By the age of twenty-one, the Algerian-born-and-raised Saint Laurent, who died in 2008, was the shining light of the fabled House of Dior, at the time the heart and height of Parisian haute couture. It was a remarkable rise that does not interest the filmmakers at all, who start things off, in 1957, when the bespectacled, diffident Saint Laurent (Pierre Niney) is already on the threshold of greatness. There are allusions to the struggles he endured as a youth, like a domineering mother and strict Catholic education, which conspired to sap his self-confidence, and blunt his burgeoning sexuality. But anyone curious about how Saint Laurent, at such a tender age, overcame his past to become Christian Dior's hand-picked successor will have to Google the information.

The movie is frustratingly replete with biographical dead-ends, inevitably setting aside the more interesting facets of Saint-Laurent's life for repetitively gossipy ones.
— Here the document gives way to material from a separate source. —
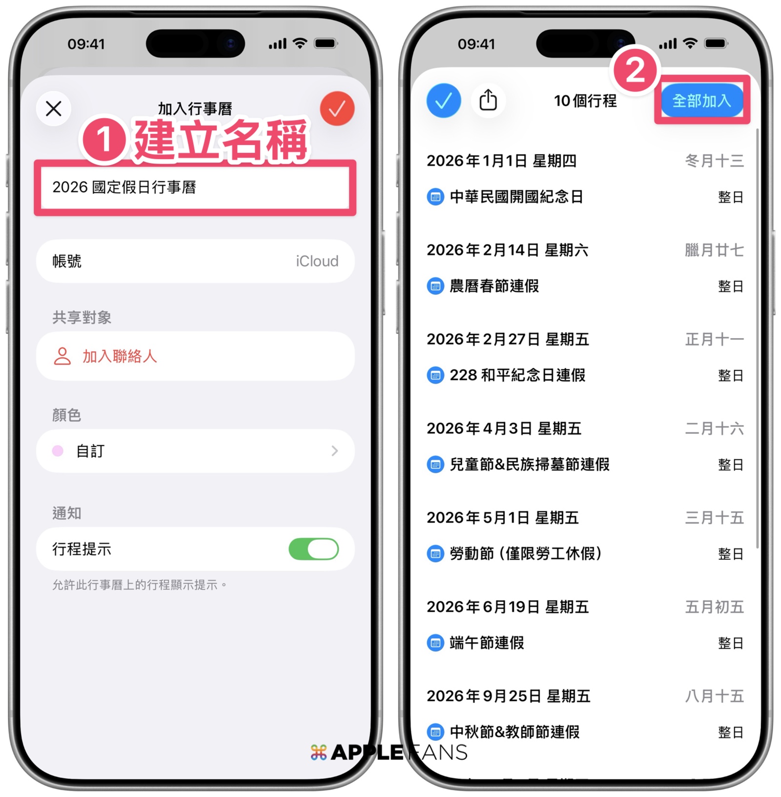 行事曆名稱可以自行定義,像小編就是使用「2026 國定假日行事曆」,建立完成之後,開啟以下的連結,就會看到所有行程,再選擇「全部加入」。

Most unforgivably, it only briefly, and glibly, dramatizes the events surrounding Saint Laurent's 1960 conscription into the French army.

Saint Laurent had attempted to evade the draft, but, after heavy press criticism of both him and the House of Dior, he reported for duty. As a pied-noir -- a term used to describe French citizens who returned to France after having lived in one of its North African colonies -- Saint Laurent's decision about whether to fight or not to fight must have been emotionally torturous. Making real-life matters more difficult, Saint Laurent was subjected to the same sort of homophobic bullying in basic training that he experienced at school.
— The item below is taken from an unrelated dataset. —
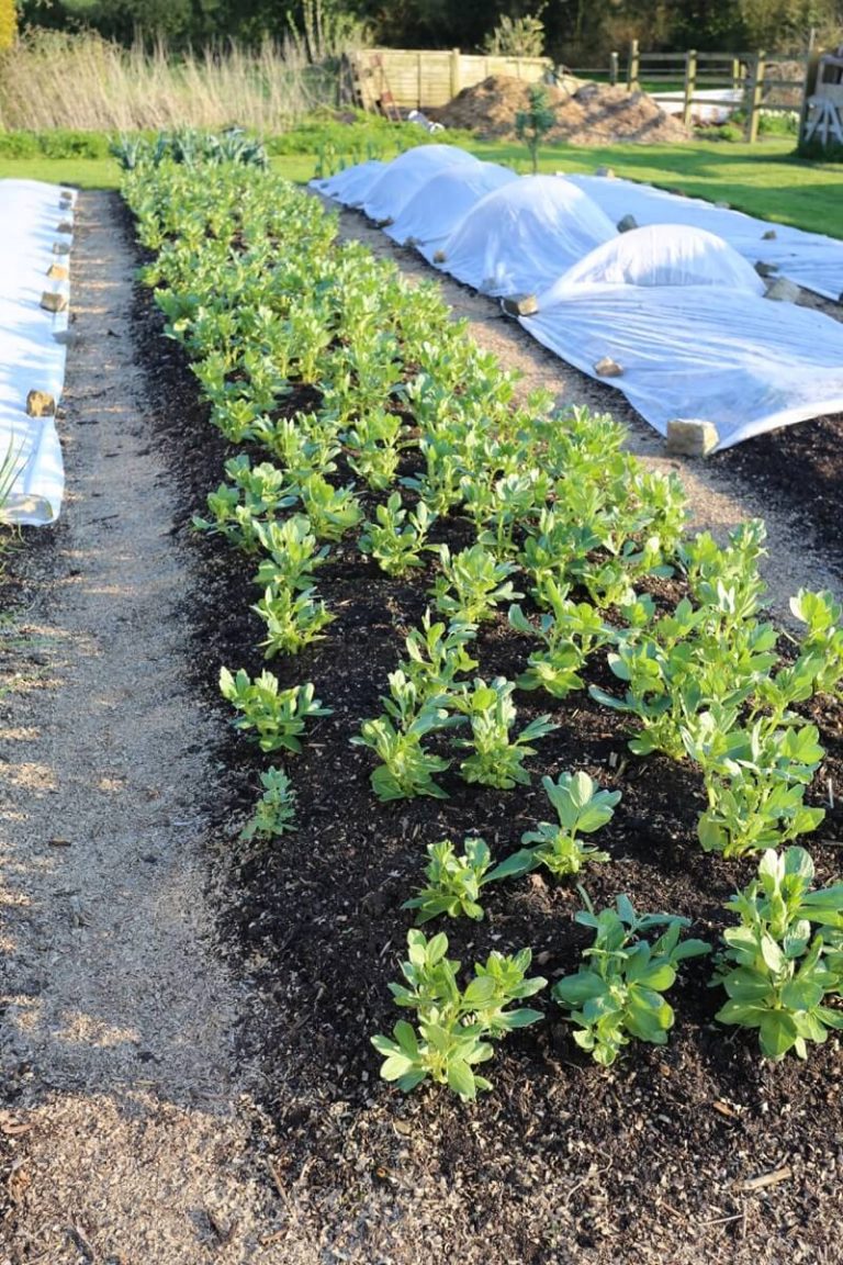 Aquadulce broad beans are finally making strong growth: I sowed them December and planted them in January, they had mesh over until mid March

To its momentarily fascinating credit, the movie does show the upshot of Saint Laurent's twenty-day stint in the military: Berg visiting him in a mental hospital, where Saint Laurent has been diagnosed with a bevy of psychological maladies. But, ultimately, Berg -- again, not the greatest choice of informant --seems inclined to chalk it all up to artistic temperament, when, clearly, Saint Laurent was dealing with personal and cultural issues that ran far deeper.

Although Saint Laurent's pied-noir status must have also profoundly affected his relationships in Paris, given the well-documented rupture the Algerian revolution caused in French society, the filmmakers only hint at the possibility of a problem. There are worried phone calls to his family in Oran and subtle suggestions that Saint Laurent's uneasiness in the beau monde may relate to his upbringing on the other side of the Mediterranean, but the filmmakers are oddly content to breeze past this material, as if lingering on it would be too complicated.

Niney's performance benefits enormously from the actor's striking resemblance to the young Saint Laurent. But, because Niney is saddled with such a lazy script, his efforts become increasingly one-note, resulting in his advantageous looks standing out as just another example of the movie's frustrating obsession with the superficial.

Joseph Pisano is a freelance writer living in New York.